What’s wild is that I don’t feel like I did a lot of stuff this month, like somehow there are fewer articles, but I check the scheduler and yep, sure did do one every day this month. I’ve been rebuilding the backlog, and if you track this kind of thing, I had one day this month where I didn’t write at least one article. This is good. I did write about How To Be A Gardevoir in a D&D game, which was received really well. I vented at length about Deep Space 9 and even included a page of memes which did absolutely stunning numbers.
This month’s shirt design was waiting in the wings for a while, but I’m happy it came out so well. I mean look at that on black.
This month’s video was going to be one of two. I made a tiny video explaining something I made in Mincraft, which made the video making process fast and easy and I was very happy with it. One practice run, one run at the video, boom, it got made.
I was going to do a Lets-Play-And-Chat, but it didn’t line up with any of my friends, time-wise, and I got under a crunch for work at the end of the month. So be it, that sucks but this is why we build contingencies. Pretty happy with what I did regardless.
I’ve talked about friction in the past. The idea is that in any given action, some energy is lost. When I brought it up, I was talking about the energy lost on interfaces – paying attention to the way the game works, or how you’re going to make the game work in a particular way. It’s one of the reasons why a lot of great games get designed within genres once someone establishes a really good control scheme – check out how many classic platformers use B to run and A to jump (or the other way around, I’m not a NES dude, c’mon).
I’ve also talked about how genre is a library of tools. When you know what a genre is and what a genre does, you can use that genre to do things. Draft lets you have players make competing choices at the same time, it lets you hide information. Deck builders let you take game actions that result in something growing, and that thing is itself unreliable, so once you know the mechanisms of thata, when you understand the genre, you can use that to do things like the fog of war or the unreliability of galactic economies or even things like unreliable children or confused storytelling. These are all options once you understand what a Deck Builder is, or how it works.
What I’ve been thinking about – a lot, lately – is the friction not in game play, but in making.

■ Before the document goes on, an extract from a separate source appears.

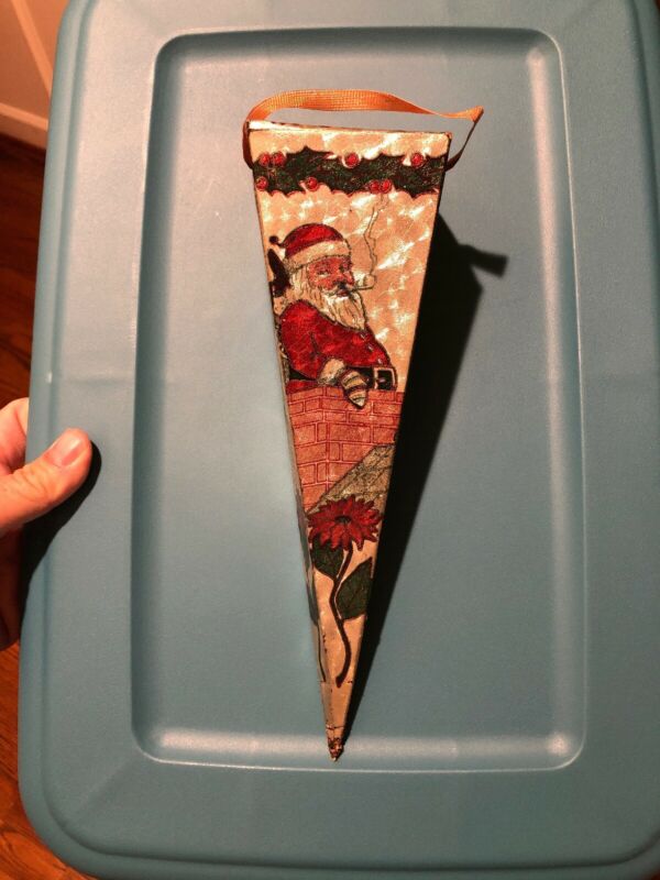 Title (ebay affiliate link): Vintage US Foil Co Christmas Candy Box Shiny Santa

My computer was in a pretty sorry state last week. Thanks to a failure of hardware, I’d had to replace one part of it, and that had meant a bunch of hardware had been standing around going hey, things are different now. One of the big tricky parts was that my hard drives were all convinced they’d been made by some other Talen Lee. This meant I had to transfer files around, format the hard drive, and then, go through my various files and update and reinstall things. I had to reinstall all my editing software. Had to set up a bunch of interface and system tools, had to get my shortcuts all set up, had to make sure file associations were working, and this also meant that there were whole directories of stuff that I wasn’t using any more that I hadn’t cleaned up.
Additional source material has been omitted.